The book Piercing Heaven shares some wonderful prayers from the Puritans. This is one of the first and, to my mind, one of the best prayers in the collection.
Lord, I would be the most miserable person in the world if my hopes were only in this life. Why? Because I am hopeless without Christ’s righteousness. My life could never be comfortable, and there would be no hope at all of eternal life.
If you denied me that hope, I would be the most miserable one of all. I may be happy without worldly enjoyments, but all things in the world cannot make me happy without this.
So however you treat me in this world, whatever you deny me, Lord, deny me not this. I can be happy without riches and abundance, like Job and Lazarus were. I can be happy even if I am reviled and reproached, as was Christ and his disciples. I can be happy and comfortable in prison, as were Paul and Silas.
But I cannot be happy without the righteousness of Christ.
All the riches, places, or honors on earth will leave me miserable if I am without this. Even if I were rich and needed nothing, without this I would still be wretched and miserable, poor, blind, and naked.
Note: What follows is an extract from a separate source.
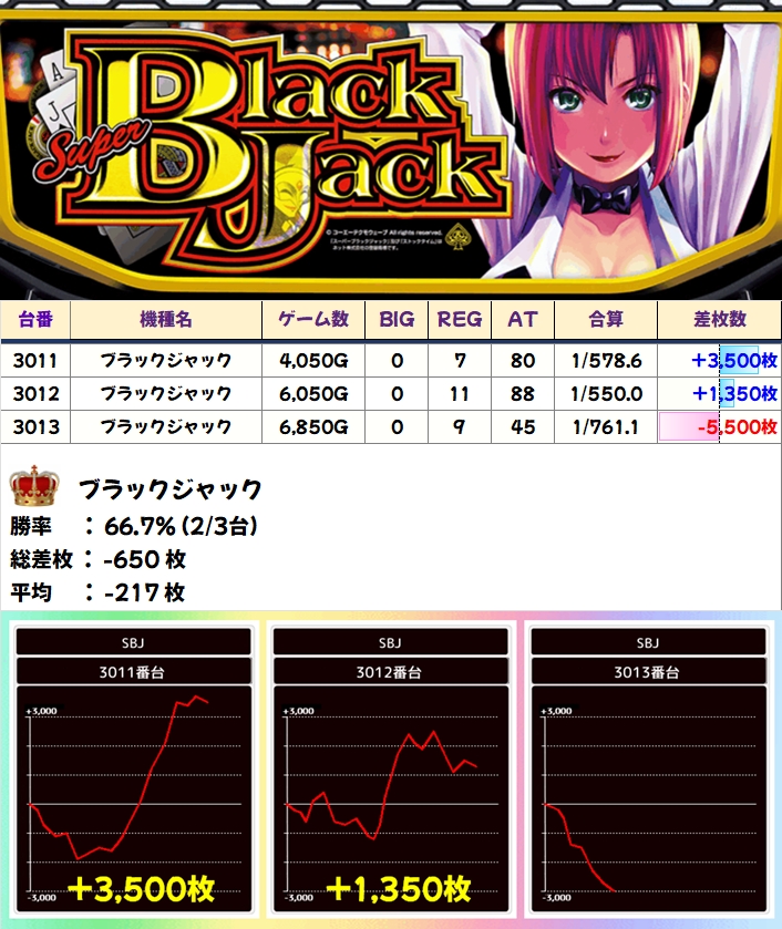 なお、この日は上記の7機種以外にも全台系が用意されていたようで、出玉こそ不発に終わっているもののスーパーブラックジャックも全台系と思しき稼働になっていました。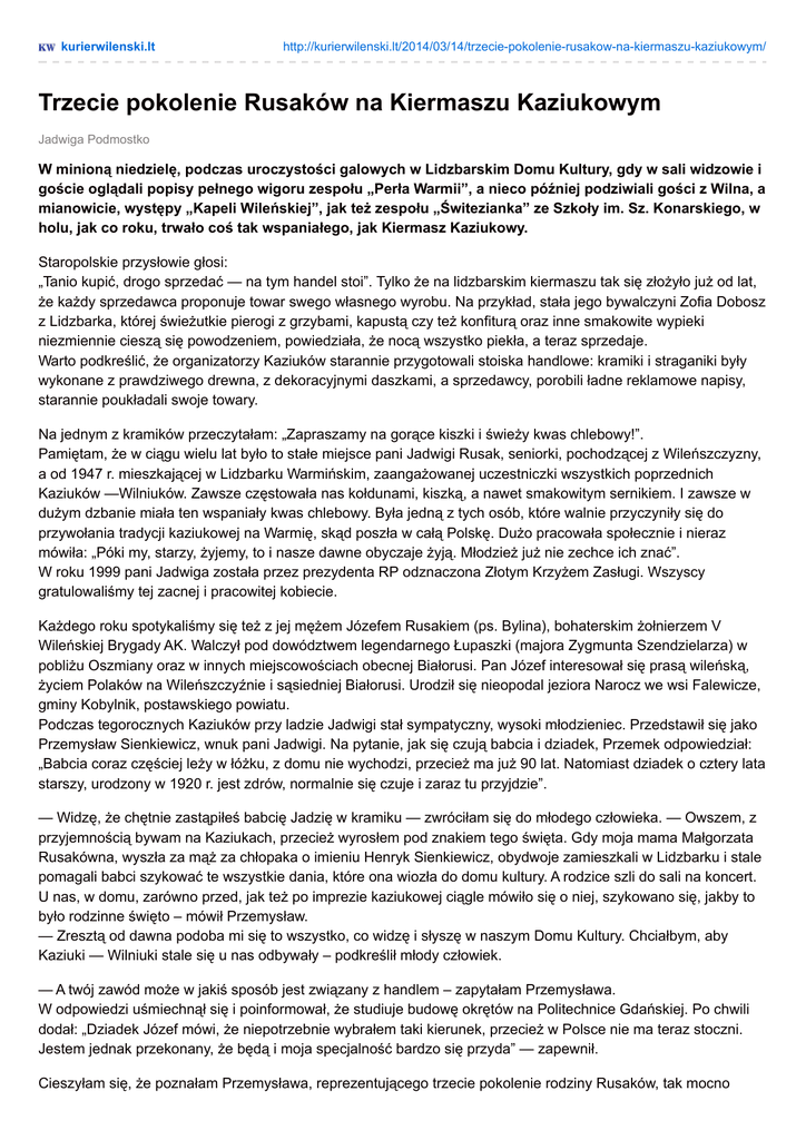kurierwilenski.lt http://kurierwilenski.lt/2014/03/14/trzecie-pokolenie-rusakow-na-kiermaszu-kaziukowym/ Trzecie pokolenie Rusaków na Kiermaszu Kaziukowym Jadwiga Podmostko W minioną niedzielę, podczas uroczystości galowych w Lidzbarskim Domu Kultury, gdy w sali widzowie i goście oglądali popisy pełnego wigoru zespołu „Perła Warmii”, a nieco później podziwiali gości z Wilna, a mianowicie, występy „Kapeli Wileńskiej”, jak też zespołu „Świtezianka” ze Szkoły im. Sz. Konarskiego, w holu, jak co roku, trwało coś tak wspaniałego, jak Kiermasz Kaziukowy. Staropolskie przysłowie głosi: „Tanio kupić, drogo sprzedać — na tym handel stoi”. Tylko że na lidzbarskim kiermaszu tak się złożyło już od lat, że każdy sprzedawca proponuje towar swego własnego wyrobu. Na przykład, stała jego bywalczyni Zofia Dobosz z Lidzbarka, której świeżutkie pierogi z grzybami, kapustą czy też konfiturą oraz inne smakowite wypieki niezmiennie cieszą się powodzeniem, powiedziała, że nocą wszystko piekła, a teraz sprzedaje. Warto podkreślić, że organizatorzy Kaziuków starannie przygotowali stoiska handlowe: kramiki i straganiki były wykonane z prawdziwego drewna, z dekoracyjnymi daszkami, a sprzedawcy, porobili ładne reklamowe napisy, starannie poukładali swoje towary. Na jednym z kramików przeczytałam: „Zapraszamy na gorące kiszki i świeży kwas chlebowy!”. Pamiętam, że w ciągu wielu lat było to stałe miejsce pani Jadwigi Rusak, seniorki, pochodzącej z Wileńszczyzny, a od 1947 r. mieszkającej w Lidzbarku Warmińskim, zaangażowanej uczestniczki wszystkich poprzednich Kaziuków —Wilniuków. Zawsze częstowała nas kołdunami, kiszką, a nawet smakowitym sernikiem. I zawsze w dużym dzbanie miała ten wspaniały kwas chlebowy. Była jedną z tych osób, które walnie przyczyniły się do przywołania tradycji kaziukowej na Warmię, skąd poszła w całą Polskę. Dużo pracowała społecznie i nieraz mówiła: „Póki my, starzy, żyjemy, to i nasze dawne obyczaje żyją. Młodzież już nie zechce ich znać”. W roku 1999 pani Jadwiga została przez prezydenta RP odznaczona Złotym Krzyżem Zasługi. Wszyscy gratulowaliśmy tej zacnej i pracowitej kobiecie. Każdego roku spotykaliśmy się też z jej mężem Józefem Rusakiem (ps. Bylina), bohaterskim żołnierzem V Wileńskiej Brygady AK. Walczył pod dowództwem legendarnego Łupaszki (majora Zygmunta Szendzielarza) w pobliżu Oszmiany oraz w innych miejscowościach obecnej Białorusi. Pan Józef interesował się prasą wileńską, życiem Polaków na Wileńszczyźnie i sąsiedniej Białorusi. Urodził się nieopodal jeziora Narocz we wsi Falewicze, gminy Kobylnik, postawskiego powiatu. Podczas tegorocznych Kaziuków przy ladzie Jadwigi stał sympatyczny, wysoki młodzieniec. Przedstawił się jako Przemysław Sienkiewicz, wnuk pani Jadwigi. Na pytanie, jak się czują babcia i dziadek, Przemek odpowiedział: „Babcia coraz częściej leży w łóżku, z domu nie wychodzi, przecież ma już 90 lat. Natomiast dziadek o cztery lata starszy, urodzony w 1920 r. jest zdrów, normalnie się czuje i zaraz tu przyjdzie”. — Widzę, że chętnie zastąpiłeś babcię Jadzię w kramiku — zwróciłam się do młodego człowieka. — Owszem, z przyjemnością bywam na Kaziukach, przecież wyrosłem pod znakiem tego święta. Gdy moja mama Małgorzata Rusakówna, wyszła za mąż za chłopaka o imieniu Henryk Sienkiewicz, obydwoje zamieszkali w Lidzbarku i stale pomagali babci szykować te wszystkie dania, które ona wiozła do domu kultury. A rodzice szli do sali na koncert. U nas, w domu, zarówno przed, jak też po imprezie kaziukowej ciągle mówiło się o niej, szykowano się, jakby to było rodzinne święto – mówił Przemysław. — Zresztą od dawna podoba mi się to wszystko, co widzę i słyszę w naszym Domu Kultury. Chciałbym, aby Kaziuki — Wilniuki stale się u nas odbywały – podkreślił młody człowiek. — A twój zawód może w jakiś sposób jest związany z handlem – zapytałam Przemysława. W odpowiedzi uśmiechnął się i poinformował, że studiuje budowę okrętów na Politechnice Gdańskiej. Po chwili dodał: „Dziadek Józef mówi, że niepotrzebnie wybrałem taki kierunek, przecież w Polsce nie ma teraz stoczni. Jestem jednak przekonany, że będą i moja specjalność bardzo się przyda” — zapewnił. Cieszyłam się, że poznałam Przemysława, reprezentującego trzecie pokolenie rodziny Rusaków, tak mocno powiązanej z Ziemią Wileńską. Tacy ludzie ceniący i hołubiący nasze tradycje są gwarantem tego, że te tradycje przetrwają wieki. A na kiermaszu nadal było gwarno, jak w ulu, bo oprócz wyrobów miejscowych kucharek i mistrzów ludowych, podziwiano i kupowano palmy naszych mistrzyń Leokadii Szałkowskiej, Danuty Wiszniewskiej i jej córki Agaty Granickiej, tłoczono się wokół stoiska z sercami piernikowymi rodziny Gryszkiewiczów, podziwiano figurki świątków rzeźbionych przez Michała Jankowskiego i piękne lniane obrusy haftowane przez Wandę Sinkiewicz, weterankę zespołu „Wilia”. Z zainteresowaniem przyglądano się obrazom Władysława Ławrynowicza i Stanisława Kaplewskiego. Ach, czego tylko nie było na tegorocznym jarmarku, bez którego, jak mówi nasz niezastąpiony Wincuk: „Nijaka ta święta byłaby…”. Jadwiga Podmostko Lidzbark Warmiński – Wilno Przemysław Sienkiewicz, wnuk Jadwigi Rusak przy stoisku kaziukowym Józef Rusak, weteran V Brygady Wileńskiej AK w pełnej gali wojskowej

If I had all things that that a person could desire on earth, what good would it do me without Christ’s righteousness?
What would riches do for me, if they came with the wrath of God? What comfort would honor bring me, if I remained a son of perdition or a child of wrath?
What sweetness would there be in pleasure, if I were on the path to everlasting torments?
What miserable comforts and enjoyments are these, without Christ’s righteousness!
Lord, however you deal with me in outward things, whatever you take from me, whatever you deny me—do not deny me Christ! Do not deny me a share in his righteousness! Amen.